Class of Australian diesel-electric locomotives

The 2800 class are a class of diesel locomotive built by A Goninan & Co, Townsville for Queensland Rail between 1995 and 1998.

They are currently owned by Aurizon, and operate on the North Coast and Mount Isa lines.

==History==
The 2800 class were ordered to haul passenger and freight services on the North Coast line between Rockhampton and Cairns and on the Great Northern line between Townsville and Mount Isa. The initial order for 40 was later increased to 50. However, a miscommunication resulted in the builder's plates incorrectly being stamped as 202 to 211 which had been used by other A Goninan & Co locomotives, rather than the correct 323 to 332.
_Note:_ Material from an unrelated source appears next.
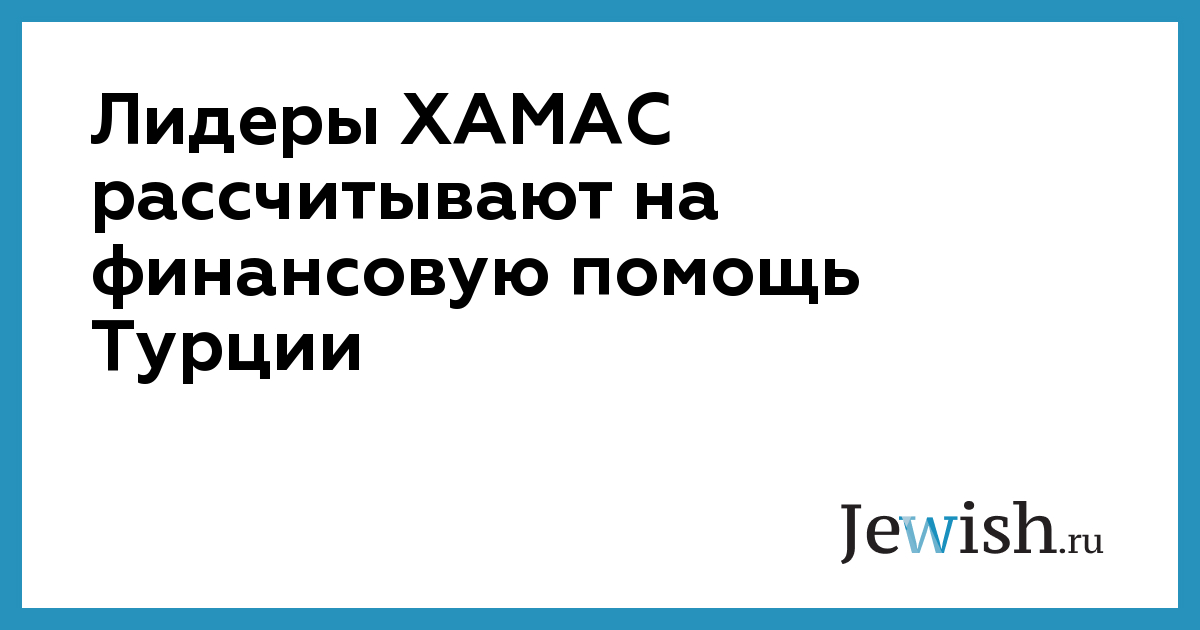 Лидеры ХАМАС рассчитывают на финансовую помощь Турции

They now operate trains as far south as Brisbane. They are the only double ended diesel electric locomotives to have been built for Queensland Rail.

In February 2006, one locomotive was fitted with standard gauge bogies for use by QR National in New South Wales and Victoria, but the NSW Environment Protection Authority refused permission for it to be used in that state due to excessive noise emissions. In August 2009, it was converted back to narrow gauge for use in Western Australia. In 2013, three were reclassified as the 3200 class for use in NSW, following the installation of standard gauge bogies and a modified exhaust system that reduced low frequency noise emissions.

In 2015, 2814 derailed on the Mount Isa Line at Julia Creek, spilling sulphuric acid. 2814 flipped on its side and was deemed too damaged to repair, and as such was scrapped in 2017.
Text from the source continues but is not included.